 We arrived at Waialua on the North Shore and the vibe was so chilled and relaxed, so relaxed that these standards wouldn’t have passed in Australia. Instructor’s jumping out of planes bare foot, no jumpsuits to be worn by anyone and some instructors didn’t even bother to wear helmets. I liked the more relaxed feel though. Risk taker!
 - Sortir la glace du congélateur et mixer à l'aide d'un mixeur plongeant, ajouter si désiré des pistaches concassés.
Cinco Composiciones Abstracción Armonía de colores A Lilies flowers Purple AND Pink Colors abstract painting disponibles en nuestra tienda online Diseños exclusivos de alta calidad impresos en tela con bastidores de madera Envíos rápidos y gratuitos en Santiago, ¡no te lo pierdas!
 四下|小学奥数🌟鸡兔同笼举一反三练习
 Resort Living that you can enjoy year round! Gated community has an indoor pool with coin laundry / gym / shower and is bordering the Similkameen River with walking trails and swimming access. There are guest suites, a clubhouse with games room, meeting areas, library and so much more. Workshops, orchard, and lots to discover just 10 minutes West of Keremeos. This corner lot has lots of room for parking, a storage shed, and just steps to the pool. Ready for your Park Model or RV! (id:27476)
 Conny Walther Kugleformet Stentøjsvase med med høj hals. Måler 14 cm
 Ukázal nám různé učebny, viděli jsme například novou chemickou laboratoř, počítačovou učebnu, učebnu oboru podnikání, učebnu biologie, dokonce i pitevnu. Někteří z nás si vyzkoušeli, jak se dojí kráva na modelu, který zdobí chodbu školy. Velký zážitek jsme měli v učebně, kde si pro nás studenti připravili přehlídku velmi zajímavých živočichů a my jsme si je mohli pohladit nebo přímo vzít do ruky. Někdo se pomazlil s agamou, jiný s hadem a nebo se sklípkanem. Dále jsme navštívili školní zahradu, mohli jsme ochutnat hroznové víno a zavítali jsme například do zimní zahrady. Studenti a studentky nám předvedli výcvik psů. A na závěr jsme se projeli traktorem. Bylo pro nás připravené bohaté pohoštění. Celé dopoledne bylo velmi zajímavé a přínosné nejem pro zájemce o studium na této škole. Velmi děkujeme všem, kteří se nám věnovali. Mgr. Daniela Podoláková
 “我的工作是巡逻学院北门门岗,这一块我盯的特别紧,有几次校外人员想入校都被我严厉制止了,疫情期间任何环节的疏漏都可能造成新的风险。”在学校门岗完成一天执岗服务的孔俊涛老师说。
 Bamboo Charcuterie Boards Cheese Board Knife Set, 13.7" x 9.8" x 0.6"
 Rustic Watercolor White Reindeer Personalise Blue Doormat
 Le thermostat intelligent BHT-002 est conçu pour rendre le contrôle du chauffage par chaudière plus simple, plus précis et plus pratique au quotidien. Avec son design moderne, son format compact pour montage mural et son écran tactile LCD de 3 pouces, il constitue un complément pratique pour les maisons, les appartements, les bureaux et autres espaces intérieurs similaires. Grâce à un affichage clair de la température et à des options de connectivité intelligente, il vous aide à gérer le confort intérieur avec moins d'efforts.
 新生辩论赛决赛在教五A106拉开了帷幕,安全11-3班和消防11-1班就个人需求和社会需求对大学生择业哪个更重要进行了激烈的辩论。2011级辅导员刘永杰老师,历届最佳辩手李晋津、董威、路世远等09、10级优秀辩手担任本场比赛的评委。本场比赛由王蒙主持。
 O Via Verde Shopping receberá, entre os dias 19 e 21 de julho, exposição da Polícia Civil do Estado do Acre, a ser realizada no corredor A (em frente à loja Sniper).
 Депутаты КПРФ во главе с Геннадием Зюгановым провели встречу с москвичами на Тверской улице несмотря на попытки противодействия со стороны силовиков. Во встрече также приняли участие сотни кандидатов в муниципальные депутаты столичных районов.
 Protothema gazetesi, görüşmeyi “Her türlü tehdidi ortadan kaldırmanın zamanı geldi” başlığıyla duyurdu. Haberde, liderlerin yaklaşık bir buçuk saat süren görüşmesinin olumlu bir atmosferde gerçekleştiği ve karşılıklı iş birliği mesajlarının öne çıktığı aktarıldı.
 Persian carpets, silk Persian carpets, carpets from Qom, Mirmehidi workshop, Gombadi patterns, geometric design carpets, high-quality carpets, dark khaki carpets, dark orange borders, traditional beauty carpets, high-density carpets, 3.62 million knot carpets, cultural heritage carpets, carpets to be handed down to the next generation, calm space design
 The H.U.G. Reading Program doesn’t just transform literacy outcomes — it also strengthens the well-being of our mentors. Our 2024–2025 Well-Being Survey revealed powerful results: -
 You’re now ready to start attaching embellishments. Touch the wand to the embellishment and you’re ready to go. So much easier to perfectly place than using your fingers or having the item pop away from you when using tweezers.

Prompt:
Output each line of the listing above that has "your".

Exercise result:
 Resort Living that you can enjoy year round! Gated community has an indoor pool with coin laundry / gym / shower and is bordering the Similkameen River with walking trails and swimming access. There are guest suites, a clubhouse with games room, meeting areas, library and so much more. Workshops, orchard, and lots to discover just 10 minutes West of Keremeos. This corner lot has lots of room for parking, a storage shed, and just steps to the pool. Ready for your Park Model or RV! (id:27476)
 You’re now ready to start attaching embellishments. Touch the wand to the embellishment and you’re ready to go. So much easier to perfectly place than using your fingers or having the item pop away from you when using tweezers.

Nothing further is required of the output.